Sea Bright officials are finally getting started on an ordinance that will give residents permits to park on the street in the summer months. (Photo by Dustin Racioppi)
By DUSTIN RACIOPPI
Sea Bright officials are ready to respond to a clarion call for parking freedom in town.
Although it’s been on ice for a couple years, Sea Bright Mayor Maria Fernandes says she hopes an ordinance allowing residents to park on the street during the summer months will be introduced at the Borough Council’s next meeting on February 4 . It’s a step that’s been needed for a long time, she said, considering parking is at a premium when the beaches get crashed by out-of-towners.
“A lot of residents feel like they’re prisoners in their own home.

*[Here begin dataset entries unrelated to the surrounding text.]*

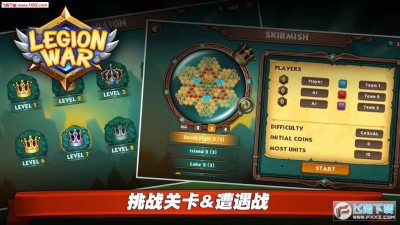 游戏最大的特色不同地形会对军团造成不同影响,每个单位拥有不同的技能和攻击特色,在每个回合中你可以在占领的城堡中建造和扩充士兵数量,选择进攻或者防守的方式,最终占领全部城堡。面对有难度的关卡也请不要轻易投降,依靠智慧往往能巧妙完成。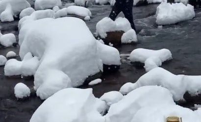 Trabzon’da yöresel ürünler üreten işletme sahibi İbrahim Muratoğlu, kar yağışı ve soğuk havaya rağmen ürününü alışılmadık bir yöntemle tanıttı. Muratoğlu, tanıtım görüntülerinde kıyafetleriyle buz gibi dereye girerek ürününün doğallığına dikkat çekti.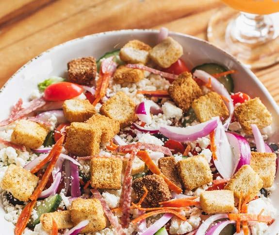 Chopped iceberg lettuce topped with turkey, ham, salami, provolone, cheddar, tomato, cucumber and onion (includes choice of dressing)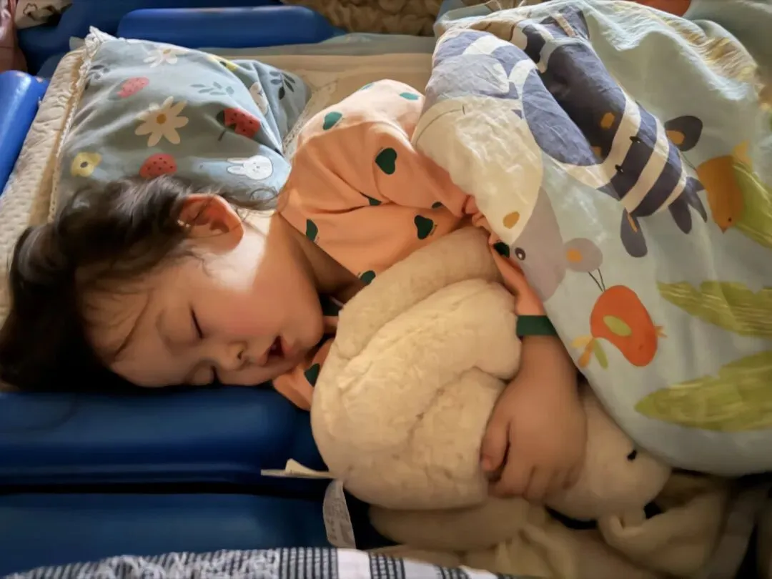 老师们全程陪伴,为孩子掖被角、安抚情绪,在柔和的夜灯下,聆听老师讲述温暖故事,孩子们带着满足与勇敢进入梦乡。

This will alleviate it somewhat,” Fernandes said. “The residents have been asking for this for a long time.”
Implementing permit parking will force non-residents to park where they’re supposed to: In the borough’s parking lots. For some reason, Fernandes said, a lot of people haven’t been doing that, even though the lot is free and close to the beach.
“We just want to make people park where they should be. I don’t know why people park on the side streets,” she said.
This parking free-for-all has long been an issue in town, but for years the borough was limited in what it could do to free up space for its residents, Fernandes said. Because Highway 36 is the main vein through the beachfront hamlet, the state Department of Transportation had jurisdiction over any street that merged onto the highway, she added.
“Of course in Sea Bright that’s the entire town,” Fernandes said. “Our hands were really tied.”
Fernandes said that DOT ordinance was modified a couple years ago, thereby giving the borough the ability to get to this point.
The borough Public Safety Committee has been working on the particulars of getting the ordinance ready, although there has been a bump in the road. Councilwoman Dina Long said the ordinance was ready in 2007, but legal paperwork was, until this week, lost in the shuffle among the DOT, the committee and the borough attorney. Long expressed strong feelings at Tuesday night’s council meeting that it would be harmful if yet another summer went by without something in place to control the parking.
“It’s 17 weeks until Memorial Day and we need to make stickers, signs. It’s a lot,” she said. “I’m concerned that we start moving so that no problems arise come Memorial Day.”
Fernandes said now that the paperwork has started flowing through the proper lines again, easing Long’s concerns shouldn’t be a problem. She anticipates the permit system to be voted for and in place by the time the traffic starts heading for Sea Bright.
“It’ll help a lot,” she said. “I know the residents will be thrilled.”